И он продолжал с жаром и воодушевлением. В такие минуты глаза его увеличивались так, что можно было разглядеть, что они синие.
Постепенно мы стали понимать, почему взрослые его сторонятся.
У зятя Манука не было магазина, и никаким ремеслом, в обычном смысле слова, он не занимался. Однако жил безбедно. Деньги он добывал тем, что обкрадывал похороненных на турецком кладбище покойников. Турки умерших заворачивали в саван — кефин, а кефин этот был из шелка или из другой дорогостоящей материи. Зять Манук кефинов продал много.
Представьте себе человека, который один-одинешенек идет ночью по кладбищу, подходит к свежей могиле, вытаскивает покойника, бросает на землю, разматывает кефин, затем водворяет покойника на место, направляется к ограде и, перемахнув через нее, идет домой и спокойно ложится спать.
Узнав эту тайну зятя Манука, мы прониклись большим уважением к нему, хотя с тех пор и мы при виде его испытывали некий мистический ужас.
Когда домашние уговаривали его оставить это дело и стыдили, он отвечал:
— Ремесло у меня простое, мужицкое.
Было у зятя Манука и другое достоинство; он умел искусно имитировать собачий лай.
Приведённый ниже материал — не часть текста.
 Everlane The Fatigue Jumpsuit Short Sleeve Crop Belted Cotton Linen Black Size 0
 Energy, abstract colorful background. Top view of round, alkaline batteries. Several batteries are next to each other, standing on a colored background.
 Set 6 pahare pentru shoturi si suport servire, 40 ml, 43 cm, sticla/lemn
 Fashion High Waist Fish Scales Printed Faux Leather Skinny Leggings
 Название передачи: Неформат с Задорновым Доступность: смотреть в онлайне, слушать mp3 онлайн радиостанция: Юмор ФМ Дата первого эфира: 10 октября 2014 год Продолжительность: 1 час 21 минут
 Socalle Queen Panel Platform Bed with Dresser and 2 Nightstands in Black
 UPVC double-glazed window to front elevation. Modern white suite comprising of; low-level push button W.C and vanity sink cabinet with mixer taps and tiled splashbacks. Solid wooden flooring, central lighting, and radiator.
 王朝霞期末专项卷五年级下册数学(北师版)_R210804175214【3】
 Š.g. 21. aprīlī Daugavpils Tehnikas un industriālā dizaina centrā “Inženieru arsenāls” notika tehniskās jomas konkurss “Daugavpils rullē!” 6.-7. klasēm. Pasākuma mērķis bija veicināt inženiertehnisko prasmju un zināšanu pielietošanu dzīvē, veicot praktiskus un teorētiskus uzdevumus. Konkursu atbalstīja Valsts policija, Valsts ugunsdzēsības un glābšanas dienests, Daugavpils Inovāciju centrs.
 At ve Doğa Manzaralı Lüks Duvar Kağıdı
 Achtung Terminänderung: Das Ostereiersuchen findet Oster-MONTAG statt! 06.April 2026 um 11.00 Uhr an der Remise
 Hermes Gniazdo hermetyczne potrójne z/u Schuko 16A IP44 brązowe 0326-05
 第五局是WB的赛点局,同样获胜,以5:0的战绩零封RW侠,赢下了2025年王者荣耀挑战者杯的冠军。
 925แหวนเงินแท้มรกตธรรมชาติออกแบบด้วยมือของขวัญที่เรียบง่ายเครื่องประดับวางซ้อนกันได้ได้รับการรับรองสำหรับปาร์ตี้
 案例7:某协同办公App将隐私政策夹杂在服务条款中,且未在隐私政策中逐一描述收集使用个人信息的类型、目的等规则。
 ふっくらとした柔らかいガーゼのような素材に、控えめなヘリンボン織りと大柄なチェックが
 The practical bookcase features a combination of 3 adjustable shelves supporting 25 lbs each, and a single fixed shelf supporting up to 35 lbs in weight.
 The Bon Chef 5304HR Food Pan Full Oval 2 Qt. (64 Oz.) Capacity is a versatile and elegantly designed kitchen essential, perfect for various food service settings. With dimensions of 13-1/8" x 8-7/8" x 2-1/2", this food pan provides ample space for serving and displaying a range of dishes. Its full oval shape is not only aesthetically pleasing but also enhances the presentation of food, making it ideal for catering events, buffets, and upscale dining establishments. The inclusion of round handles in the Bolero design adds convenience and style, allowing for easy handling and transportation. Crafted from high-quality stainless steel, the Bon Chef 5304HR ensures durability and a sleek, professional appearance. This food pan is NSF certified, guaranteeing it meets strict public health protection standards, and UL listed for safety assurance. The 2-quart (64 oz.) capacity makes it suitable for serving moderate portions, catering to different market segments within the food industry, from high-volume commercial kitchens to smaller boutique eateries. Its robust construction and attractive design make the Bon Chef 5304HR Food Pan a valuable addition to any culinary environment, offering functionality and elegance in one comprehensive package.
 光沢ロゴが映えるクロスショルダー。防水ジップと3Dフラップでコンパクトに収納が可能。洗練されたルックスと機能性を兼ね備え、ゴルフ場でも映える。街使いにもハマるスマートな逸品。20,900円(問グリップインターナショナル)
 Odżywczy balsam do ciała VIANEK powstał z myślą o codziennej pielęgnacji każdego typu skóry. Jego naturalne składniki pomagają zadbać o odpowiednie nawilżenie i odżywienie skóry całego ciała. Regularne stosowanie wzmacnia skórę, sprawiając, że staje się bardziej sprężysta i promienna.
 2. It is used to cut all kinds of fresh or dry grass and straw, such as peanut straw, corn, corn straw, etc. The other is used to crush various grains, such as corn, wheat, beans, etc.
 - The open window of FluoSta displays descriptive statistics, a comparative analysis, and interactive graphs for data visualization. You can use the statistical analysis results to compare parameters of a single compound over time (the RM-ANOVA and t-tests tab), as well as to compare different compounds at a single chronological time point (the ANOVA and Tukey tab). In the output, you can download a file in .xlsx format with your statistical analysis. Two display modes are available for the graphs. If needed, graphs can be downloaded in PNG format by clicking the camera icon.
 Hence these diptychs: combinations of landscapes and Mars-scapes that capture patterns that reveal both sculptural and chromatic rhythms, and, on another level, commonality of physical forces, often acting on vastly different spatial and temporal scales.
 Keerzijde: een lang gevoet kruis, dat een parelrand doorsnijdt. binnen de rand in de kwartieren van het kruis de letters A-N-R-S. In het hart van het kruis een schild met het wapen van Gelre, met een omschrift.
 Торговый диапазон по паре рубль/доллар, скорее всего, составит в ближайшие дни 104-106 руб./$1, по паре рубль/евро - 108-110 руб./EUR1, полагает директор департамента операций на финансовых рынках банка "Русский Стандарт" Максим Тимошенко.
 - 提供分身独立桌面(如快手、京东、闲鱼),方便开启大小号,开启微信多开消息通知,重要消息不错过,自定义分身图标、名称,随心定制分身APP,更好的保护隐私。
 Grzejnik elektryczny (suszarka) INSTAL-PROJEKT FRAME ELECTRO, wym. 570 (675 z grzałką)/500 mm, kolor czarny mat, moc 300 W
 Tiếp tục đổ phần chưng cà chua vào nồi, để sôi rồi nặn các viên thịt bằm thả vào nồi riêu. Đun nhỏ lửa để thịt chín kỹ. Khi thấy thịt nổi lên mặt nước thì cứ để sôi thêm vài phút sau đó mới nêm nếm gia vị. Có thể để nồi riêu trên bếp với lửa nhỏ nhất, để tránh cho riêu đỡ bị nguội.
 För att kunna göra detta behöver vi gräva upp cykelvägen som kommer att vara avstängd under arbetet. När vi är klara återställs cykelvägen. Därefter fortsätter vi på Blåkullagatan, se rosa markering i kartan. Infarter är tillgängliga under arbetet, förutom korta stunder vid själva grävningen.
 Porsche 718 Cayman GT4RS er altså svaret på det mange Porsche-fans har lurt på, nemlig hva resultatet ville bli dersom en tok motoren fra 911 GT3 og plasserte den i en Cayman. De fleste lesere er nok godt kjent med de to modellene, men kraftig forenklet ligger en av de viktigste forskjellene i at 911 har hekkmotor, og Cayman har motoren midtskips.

И этот талант не раз выручал его на кладбище. Заслышав шаги или голоса, он поднимал страшный лай, и люди в ужасе разбегались. Даже армяне, жившие неподалеку от кладбища, услышав среди ночи этот лай, покрывались холодным потом, крестились:
— Опять он могилу раскапывает, о матерь божья!..
Когда мимо окон зятя Манука проходила похоронная процессия, он скалил зубы и цинично замечал:
— О, мой хаджи-Мустафа к аллаху отправился, сегодня же раздену тебя, налегке скорей дойдешь…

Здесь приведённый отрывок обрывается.